> **Supplied information**
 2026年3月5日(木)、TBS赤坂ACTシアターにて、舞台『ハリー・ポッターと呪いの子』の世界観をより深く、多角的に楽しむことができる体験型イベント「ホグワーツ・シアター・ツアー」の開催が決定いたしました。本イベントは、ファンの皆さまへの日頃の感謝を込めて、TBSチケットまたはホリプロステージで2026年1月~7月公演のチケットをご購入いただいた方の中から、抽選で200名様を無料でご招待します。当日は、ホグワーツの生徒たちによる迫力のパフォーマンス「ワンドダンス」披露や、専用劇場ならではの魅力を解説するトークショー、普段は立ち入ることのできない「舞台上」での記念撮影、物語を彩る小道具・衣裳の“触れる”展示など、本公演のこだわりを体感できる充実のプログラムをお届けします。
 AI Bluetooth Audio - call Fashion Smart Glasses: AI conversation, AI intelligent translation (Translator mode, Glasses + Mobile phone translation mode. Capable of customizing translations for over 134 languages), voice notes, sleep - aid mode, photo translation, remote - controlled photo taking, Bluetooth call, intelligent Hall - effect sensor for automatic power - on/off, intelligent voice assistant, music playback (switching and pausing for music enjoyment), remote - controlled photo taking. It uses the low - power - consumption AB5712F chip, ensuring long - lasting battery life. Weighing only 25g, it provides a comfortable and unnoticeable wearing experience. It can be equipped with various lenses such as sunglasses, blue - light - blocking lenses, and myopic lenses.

--

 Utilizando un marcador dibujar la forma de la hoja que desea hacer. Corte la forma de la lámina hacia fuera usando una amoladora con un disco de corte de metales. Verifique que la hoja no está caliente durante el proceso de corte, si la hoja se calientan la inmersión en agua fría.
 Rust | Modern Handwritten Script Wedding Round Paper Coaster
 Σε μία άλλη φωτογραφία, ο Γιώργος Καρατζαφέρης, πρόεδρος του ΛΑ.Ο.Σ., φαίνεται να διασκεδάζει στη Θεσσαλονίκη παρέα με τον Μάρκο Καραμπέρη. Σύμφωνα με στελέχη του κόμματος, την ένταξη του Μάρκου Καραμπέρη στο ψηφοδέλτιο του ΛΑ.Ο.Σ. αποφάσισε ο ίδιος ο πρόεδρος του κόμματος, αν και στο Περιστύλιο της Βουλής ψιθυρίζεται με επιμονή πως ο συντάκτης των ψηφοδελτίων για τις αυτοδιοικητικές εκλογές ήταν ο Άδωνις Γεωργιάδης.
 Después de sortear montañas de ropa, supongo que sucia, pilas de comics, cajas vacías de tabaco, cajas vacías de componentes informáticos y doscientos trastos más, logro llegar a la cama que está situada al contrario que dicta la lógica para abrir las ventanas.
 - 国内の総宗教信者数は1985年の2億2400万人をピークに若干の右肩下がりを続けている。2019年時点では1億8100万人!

> **Your task**
Looking through the data above, copy out each line in which the string "está" occurs.

> **Response**
 Utilizando un marcador dibujar la forma de la hoja que desea hacer. Corte la forma de la lámina hacia fuera usando una amoladora con un disco de corte de metales. Verifique que la hoja no está caliente durante el proceso de corte, si la hoja se calientan la inmersión en agua fría.
 Después de sortear montañas de ropa, supongo que sucia, pilas de comics, cajas vacías de tabaco, cajas vacías de componentes informáticos y doscientos trastos más, logro llegar a la cama que está situada al contrario que dicta la lógica para abrir las ventanas.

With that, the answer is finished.